Tribunal de commerce, le 2 octobre 2025, n°2025018067

Le tribunal de commerce compétent a rendu un jugement le 2 octobre 2025. Il a ouvert une procédure de liquidation judiciaire à l’encontre d’une société exerçant des activités dans les travaux publics et le transport. La juridiction a constaté l’état de cessation des paiements et l’impossibilité manifeste de redressement. Elle a fixé provisoirement la date de cessation des paiements et désigné les organes de la procédure. La décision soulève la question des conditions d’ouverture de la liquidation et des modalités de détermination de la date de cessation.

Les conditions légales de l’ouverture de la liquidation judiciaire

La vérification du critère de la cessation des paiements

Le tribunal a analysé la situation financière de la société débitrice pour établir l’état de cessation. Il a relevé un passif exigible déclaré de trente mille euros. L’actif disponible était quant à lui insuffisant pour y faire face. La trésorerie déclarée positive de trois mille quatre cents euros s’est avérée non mobilisable. « Il est établi que la SARL STPLM est dans l’impossibilité de faire face au passif exigible avec son actif disponible » (Motifs). Cette appréciation in concreto est conforme à la définition légale de la cessation des paiements. Elle permet d’écarter toute trésorerie apparente mais non liquide.

La caractérisation de l’impossibilité manifeste de redressement

Le jugement procède à une ouverture de liquidation sans période d’observation. Il se fonde sur l’impossibilité de redressement dès le prononcé. « Les conditions légales étant réunies, il y a lieu dans ces conditions d’ouvrir une procédure de liquidation judiciaire » (Motifs). Cette décision s’appuie implicitement sur l’article L640-1 du code de commerce. La jurisprudence rappelle que « la procédure de liquidation judiciaire est ouverte à tout débiteur mentionné à l’article L640-2 en cessation des paiements et dont le redressement est manifestement impossible » (Cour d’appel de Metz, le 23 septembre 2025, n°24/01189). Le tribunal a donc appliqué ce texte sans le citer explicitement.

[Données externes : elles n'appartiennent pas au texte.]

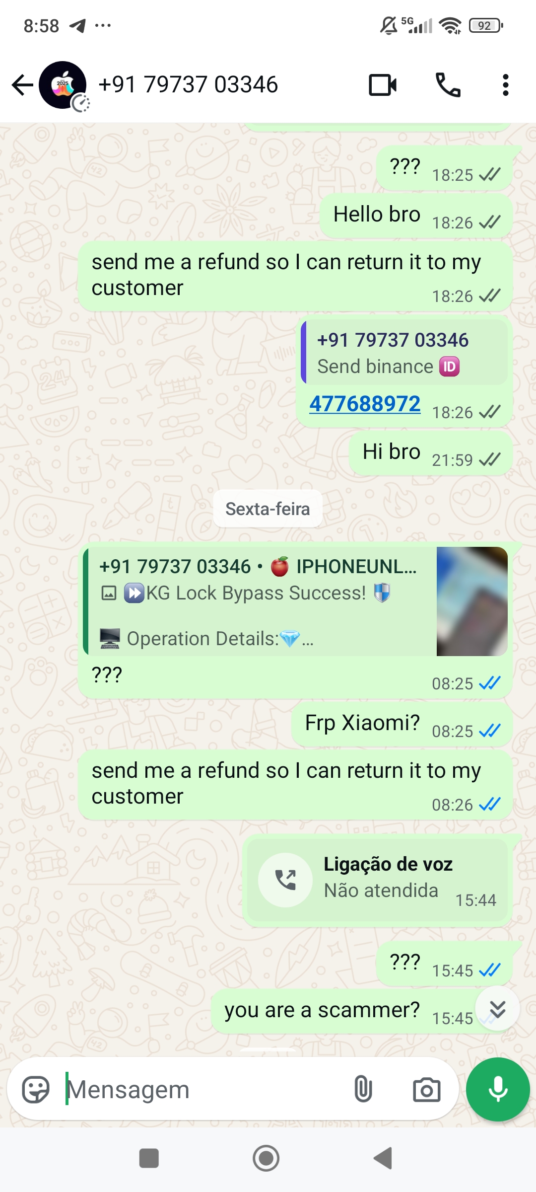Frp Xiaomi falou que fazia , não fez e não devolveu o dinheiro,chamei ele de novo me bloqueio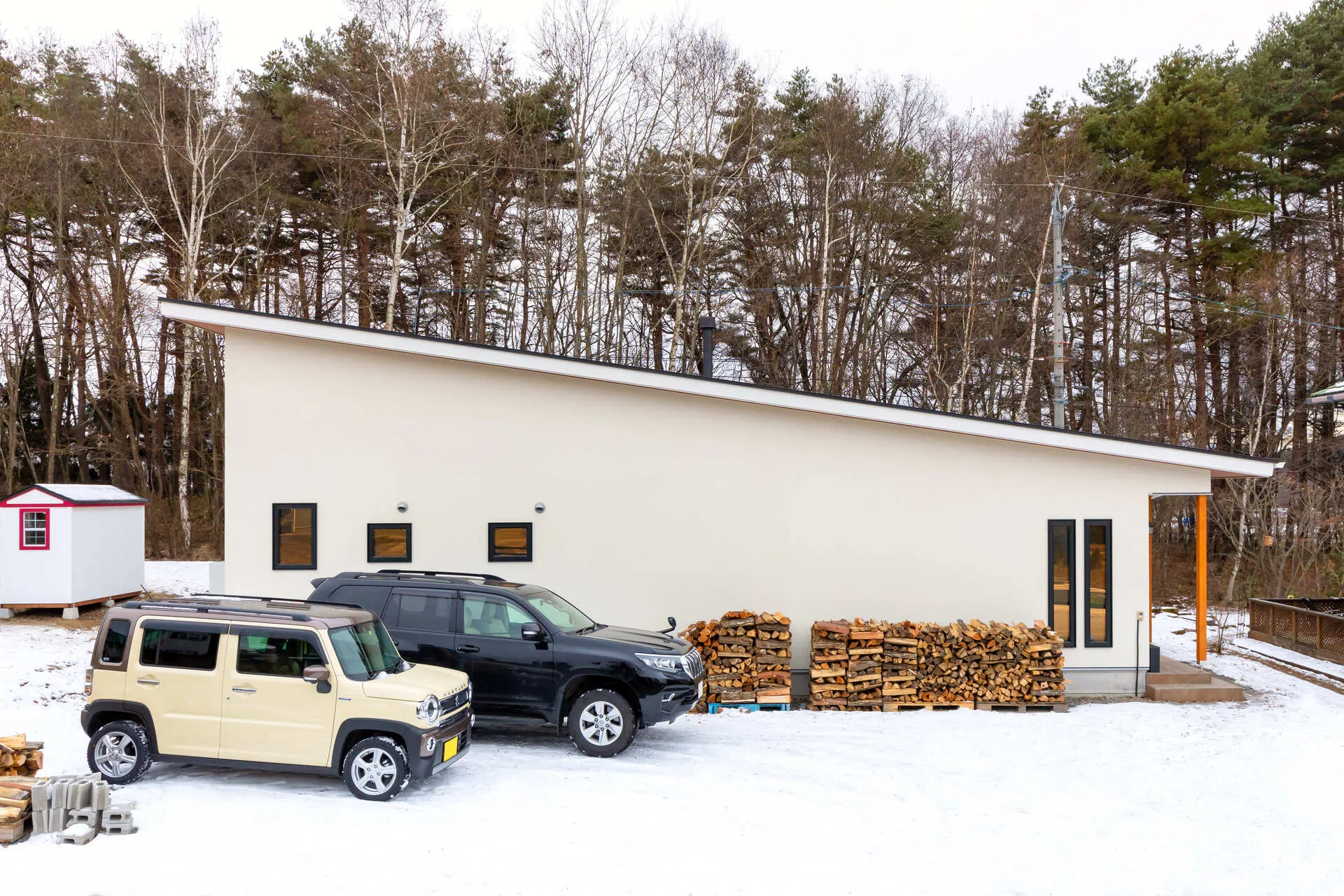 木のコントラストを愉しむ家

Les conséquences procédurales du prononcé de la liquidation

La fixation provisoire de la date de cessation des paiements

La décision comporte une fixation provisoire de la date de cessation des paiements. Cette mesure est rendue nécessaire par l’insuffisance des informations fournies. « Au regard des seuls éléments d’information transmis par le débiteur et de l’impossibilité qui en résulte de déterminer précisément la date » (Motifs). Le tribunal a donc fixé cette date au jour du jugement. Cette solution préserve les droits des créanciers dans l’attente d’une détermination définitive. Elle illustre le pouvoir d’appréciation du juge face à des éléments incomplets.

La mise en place des organes de la procédure et le calendrier imposé

Le jugement organise immédiatement les premières étapes de la liquidation. Il désigne un juge-commissaire, un liquidateur et un commissaire-priseur. Il impose également des délais stricts pour l’inventaire et l’établissement de la liste des créances. « Le liquidateur devra établir dans un délai de 12 mois la liste des créances » (Dispositif). La clôture de la procédure devra être examinée au terme d’un délai de deux ans. Ces mesures visent à assurer une administration rapide et efficace de la liquidation. Elles encadrent strictement la mission du liquidateur pour garantir la célérité de la procédure.

Source : Cour de cassation – Base Open Data « Judilibre » & « Légifrance ».